The key is being specific enough that the person only has to say yes or no, not organize help on your behalf.
Keep Including Them Socially
One of the quieter losses of dialysis is social isolation. Between treatment days, recovery time, and dietary restrictions, it’s easy for invitations to dry up. People stop asking because they assume the answer will be no, or they worry about being insensitive. But being left out feels worse than being invited and having to decline.
When you do invite someone on dialysis to a meal or gathering, a small amount of awareness goes a long way. People on dialysis often need to limit fluids, sometimes quite strictly. They may also need to avoid high-potassium foods like bananas, oranges, and tomatoes, or high-phosphate foods like dairy and processed meat. You don’t need to memorize all of this. Just ask, “Are there foods I should keep in mind?” and let them guide you. Involving family members in dietary conversations also helps, since managing these restrictions is easier when the people around you understand them.
Beyond food, think about timing and energy. If your friend has dialysis on Monday, Wednesday, and Friday mornings, a Friday evening dinner might be rough. A Saturday lunch could be much more doable. Flexibility with plans shows you’re thinking about their reality, not just your calendar.

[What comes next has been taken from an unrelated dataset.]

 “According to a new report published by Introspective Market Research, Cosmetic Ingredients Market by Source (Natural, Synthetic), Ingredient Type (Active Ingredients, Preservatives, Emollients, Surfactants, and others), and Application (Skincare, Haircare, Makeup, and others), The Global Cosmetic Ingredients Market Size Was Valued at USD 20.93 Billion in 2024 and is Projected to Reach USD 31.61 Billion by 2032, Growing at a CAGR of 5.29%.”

Recognize the Two Types of Dialysis
Not everyone on dialysis goes to a clinic. Hemodialysis, the more common form, typically happens at a dialysis center on a fixed schedule. But peritoneal dialysis is done at home, usually four times a day with exchanges that take 30 minutes to an hour each, plus a longer overnight session. People on peritoneal dialysis have more scheduling flexibility, but they’re also managing their treatment every single day with no days off.

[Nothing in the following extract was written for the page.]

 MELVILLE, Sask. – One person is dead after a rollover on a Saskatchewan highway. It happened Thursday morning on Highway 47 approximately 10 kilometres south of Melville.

This distinction matters for how you show up. A friend on hemodialysis might appreciate help on treatment days and recovery days. A friend on peritoneal dialysis might need support that accounts for the constant, daily nature of their routine. Either way, asking “What does a typical week look like for you?” is a respectful way to understand their specific situation without making assumptions.
The Long Game Matters Most
Dialysis isn’t a short-term crisis. It’s an ongoing, indefinite part of someone’s life. The friends and family members who make the biggest difference are the ones who show up consistently, not just in the first few weeks after diagnosis. A text on treatment day, a meal dropped off once a month, or simply continuing to call and make plans sends a message that no single conversation can: you’re not going anywhere, and their life still matters to you beyond their diagnosis.
You don’t need a script. You need patience, consistency, and the willingness to sit with someone in a hard situation without rushing to make it better. That, more than any perfect phrase, is what people on dialysis say they remember.